La mujer que escribió Frankestein tiene un formato que mezcla biografía con ensayo, y que también toma elementos de la ficción. ¿Cómo encaraste ese trabajo?

—Sí, hablando lo que decíamos antes, de la neurosis como un tesoro, para mí ese libro fue descubrir que todos los problemas que me generó la vida, al ser una rata biblioteca, se podían convertir en algo bueno. Es como el estallido de la rata biblioteca, porque lo fui escribiendo a medida que leía. Mi problema ahí, o mi bloqueo para escribir, hubiera sido quedarme leyendo y leyendo, porque me hubiera armado una pila de información que me habría paralizado. Y como a mí me gusta mucho leer ensayos, creo que un ensayo se puede leer con el mismo entusiasmo y la misma curiosidad, la misma avidez que la ficción. Me acuerdo de un ensayo que se llama El otoño de la Edad Media, de Johan Huizinga, y del deslumbramiento de haber leído las dos, tres primeras páginas. Entonces, si bien no hay nada inventado en el libro sobre Mary Shelley, y yo traté de frenar mi faceta de escritora de ficción, sí quise transmitir este entusiasmo de la lectura. Entonces puede ser que la parte de ficción entre ahí, en el armado, en tratar de transmitir esa respiración, que es un poco lo que tratamos de hacer con Betina Gonzalez en el libro que escribimos juntas. Y Mary Shelley fue para mí un descubrimiento tardío, ya había leído varias veces Frankenstein y releyendo Frankenstein encontré una biografía breve, muy bien escrita. A veces uno no le presta atención a esas biografías brevísimas que acompañan los clásicos, pero vale la pena leerlas. Hay gente muy inteligente, muy dedicada, muy generosa, trabajando en esos libros. Encontré esta bibliografía breve donde contaban el episodio del corazón de Shelley y dije «wow, nunca había pensado quién era la mujer que había escrito este libro». Y ahí empezó todo, la manía, la obsesión.

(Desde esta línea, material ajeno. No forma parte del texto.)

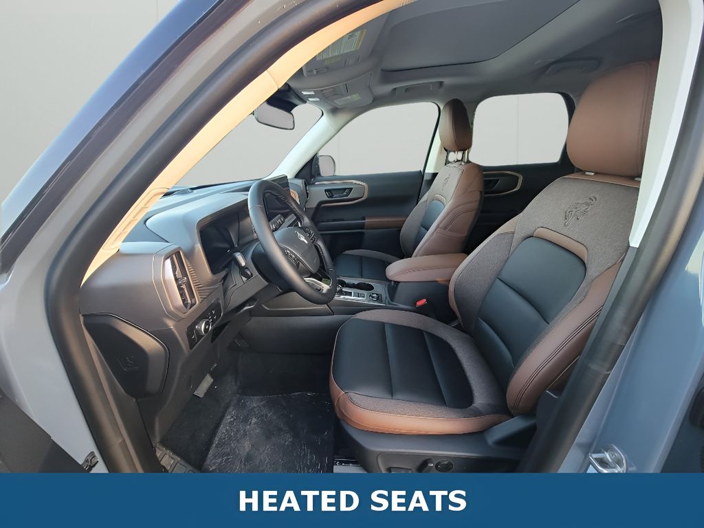 Discover the 2025 Ford Bronco Sport Outer Banks 4WD â" a rugged, refined compact SUV ready for city streets and off-road trails. Powered by a responsive 3-cylinder 1.5L gasoline engine, this Ford Bronco Sport balances efficient performance with confident capability. The Outer Banks trim delivers premium comfort and advanced technology, including adaptive cruise control for relaxed highway driving and hands-free Bluetooth for seamless phone and audio connectivity. Enjoy cold-weather convenience with a heated steering wheel and remote start, perfect for warming the cabin before you head out. Rear parking sensors provide extra confidence when maneuvering into tight spots, while the 4WD system enhances traction on slippery or uneven surfaces. Spacious seating and smart cargo solutions make this Ford Bronco Sport practical for daily commutes, weekend adventures, and active lifestyles. Located in Mooresville, IN, this 2025 Ford Bronco Sport Outer Banks is competitively priced and represents the best price in the area â" an outstanding value for buyers seeking capability and comfort. Whether you're navigating suburban roads or exploring backcountry routes, this Ford Bronco Sport combines style, technology, and capability in a compact package. Contact us to schedule a test drive in Mooresville, IN, and experience the performance and features that make this 2025 Ford Bronco Sport Outer Banks a top choice for adventurous drivers.

—Tradujiste Once tipos de soledad, un libro realmente fascinante. ¿Cómo fue ese proceso?

—Sí, esa es otra obsesión. Había estado viviendo afuera, me regalaron ese libro, me hablaron mucho de Yates, empecé a averiguar, y apareció toda esta leyenda de Yates como escritor de escritores. Esa historia es algo increíble: no lo querían publicar porque decían que sus historias eran desoladas, o que transmitía algo que era como el lado B de la era dorada norteamericana, sin la espectacularidad de algunos escritores más duros. Es como si en Estados Unidos se aceptara la desilusión, pero solo si viene con una cosa impactante, con una especie de efecto especial de la desilusión. Él tenía algo más sutil, y la desilusión operando de una manera más secreta: el sufrimiento secreto de las personas, no necesariamente espectacular. El hombre que se da cuenta de que lo van a despedir del trabajo; el chico que se especializa en perder cuando juegan a la guerra o a los disparos, y se da cuenta de que puede ser un genio perdiendo; otro chico que le hacen bullying, como diríamos ahora, en el colegio y que cuando la maestra lo quiere ayudar en realidad lo que hace es arruinarle la situación… Son situaciones que requieren mucha sutileza también para aceptar lo que él ve. Y sí, por un lado es duro leerlo, pero también es muy luminoso porque hay alguien ahí que ve eso, entonces es muy sanador.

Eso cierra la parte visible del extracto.